In December 2004, a fire destroyed three townhouses and damaged a fourth in Lorton, Va.

, just south of the nation’s capital. Investigators later determined that faulty wiring had sparked the blaze. Raul Castillo, a spokesman for the Fairfax County Fire and Rescue Department, said that fire marshals digging through the rubble uncovered an anomaly in the internal wiring at the back of one of the townhouses. This launched the fire, which spread to the adjacent townhouses. Two firefighters were hurt, one burned, while navigating the smoky townhouses in the pre-dawn darkness. Seven adults were left homeless by the fire, which marshals estimate caused at least $800,000 in damage. To avoid such a disaster, the National Concrete Masonry Association advises that you evaluate a building’s fire safety when you rent or buy a home in a multi-family dwelling, or if you are planning to lodge somewhere overnight or house your loved ones in college dormitories or nursing facilities.
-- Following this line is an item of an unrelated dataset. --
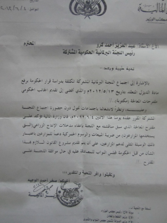 وعليه، ونظراً لانشغالنا باجتماعات تحول دون حضورنا اجتماع اللجنة المشتركة المقرر عقده يومنا هذا الاثنين 4/6/2012م، فإن وزارة المالية تؤكد على مقترح المعالجة الذي سبق مناقشته مع اللجنة بإعفاء مدخلات الإنتاج الزراعي (التي يستخدمها المزارعون) من ضريبة المبيعات والرسوم الجمركية دعماً للمزراعين باعتبار ذلك الوسيلة المثلى لدعم المزراعين، على أن يتم تقديم مشروع القانون اللازم بهذا الشأن من قبل الحكومة لمجلس النواب للمصادقة عليه في حالة موافقة اللجنة على المقترح.

Buildings should contain these three components of a balanced fire-safety design: smoke detectors, sprinkler systems and concrete masonry walls between housing units. These elements, working in concert, provide the highest levels of safety and property protection. Find out if the building’s walls and floors also are constructed of concrete and concrete masonry. Concrete masonry helps keep fire from spreading and does not produce smoke or generate toxic fumes. The NCMA recommends that you urge local building-code officials to ensure that multi-family homes adhere to the principles of a balanced fire-safety design, including non-combustible concrete masonry construction.